Security measures to enable compliance
Compliance requires a number of basic protections built into the application. For starters, mobile app security must be able to recognize and block devices that criminals are using and reusing to commit fraud. Fraudsters most often abuse common development tools that allow dynamic instrumentation, code injection, script injection, accessibility abuse, and method binding—all of which allow them to disrupt or modify your application. By blocking these features, developers can deprive fraudsters of the tools of their trade and stop fraud before it starts.
In addition, in-app security must prevent anyone from copying, modifying, repackaging, and deprecating the app. This helps protect against many exploits, including app weaponization by creating a trojan app that looks like the original and usually mimics the original user experience. But they carry malicious code that allows criminals to take over financial accounts and steal sensitive information.
Another tactic used by hackers is to increase their permissions by rooting (Android) or jailbreaking (iOS) the device, which allows them to manipulate the financial applications running on it. When an app is running in a rooted/jailbroken environment, the app’s defenses must be able to detect the threat and shutdown itself to protect itself.
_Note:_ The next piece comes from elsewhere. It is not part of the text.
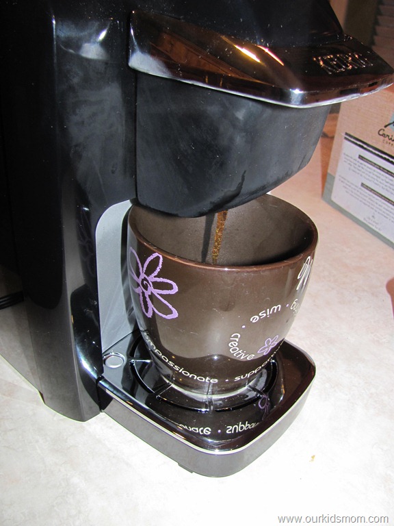 Hi, my name is Heather and I’m a coffee addict. It wasn’t until my 30’s that I developed this passion. Up to that point, I just hadn’t tried to proper blend of quality coffee, flavorings and creamers. Now my kids know that it is best to let Mommy start her coffee maker before asking for things in the morning. We have a normal sized 12 cup brewer that does a rather decent job when the three of us want some, but some mornings I really just need the one cup.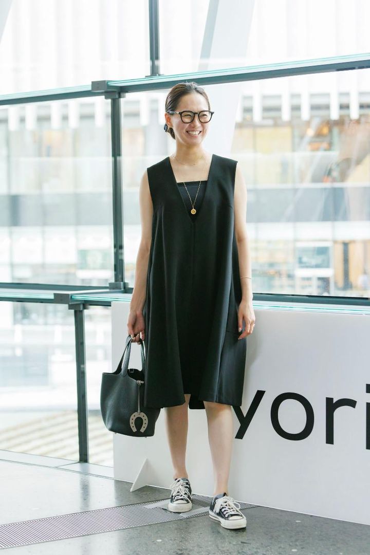 「オールスターは昔から好きで5〜6足はリピートしている、私にとってスタンダードなスニーカー。スッと足入れがよく、スリッポン感覚で履ける気軽さが最高! シンプルなワンピに合わせて、韓国で買ってきてもらったパール紐でアレンジ。なかなかのインパクトですが、見た人には“どこで買ったの?”と聞かれて、話題性抜群です」平井由利子さん・169㎝(MYINEディレクター/11歳の男の子と6歳の女の子ママ)

Another essential protection for financial applications is strong encryption, which usually means encryption via the AES 256 standard. Financial app security often encrypts data only when it’s in the app’s sandbox, which is a protected area where apps run inside the mobile device. However, this is not enough to protect data in financial applications. There are many other places where hackers can extract data if it is kept clean, especially in the application code. The app needs to encrypt data in strings, settings, resources, in-app secrets, and more.
Data in application code is particularly sensitive because it contains login credentials, security certificates, backend URLs, and keys that allow the application to connect to other services. With this data, hackers can successfully launch devastating attacks targeting the core systems of a financial institution. They must also be protected by strong cryptographic protocols.
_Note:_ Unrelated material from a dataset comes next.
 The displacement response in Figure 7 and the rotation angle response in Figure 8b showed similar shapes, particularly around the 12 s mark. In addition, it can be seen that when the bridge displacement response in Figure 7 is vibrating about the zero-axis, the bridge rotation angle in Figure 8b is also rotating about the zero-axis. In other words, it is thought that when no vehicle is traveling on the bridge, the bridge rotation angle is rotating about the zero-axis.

However, protecting data in code is particularly difficult to implement without negatively impacting the application, and incorporating the other protections listed above is very complex and requires manual coding. Software development kits can reduce the amount of manual work involved in starting from scratch, but they are far from plug-and-play solutions. They can require a lot of manual coding, which can be beyond the skills and resources of many development teams. In addition, these tools can contain vulnerabilities themselves, as they often depend on many layers of libraries and other code that can compromise compliance.
However, there are now AI-based, no-code platforms that can integrate security into the application, saving time and increasing accuracy and protection. By integrating into the development organization’s DevSecOps process, organizations can build strong security without compromising their release schedule or application functionality.
Whatever decisions are made in terms of security implementation and fraud protection, banks cannot skimp on these areas. The fraud and non-compliance are simply too great.
Karen Hsu is Appdome’s Chief Operating Officer. He previously served as the CEO of BlockchainIntel, which he co-founded. She was also a co-founder of the non-profit organization Blockchain By Women.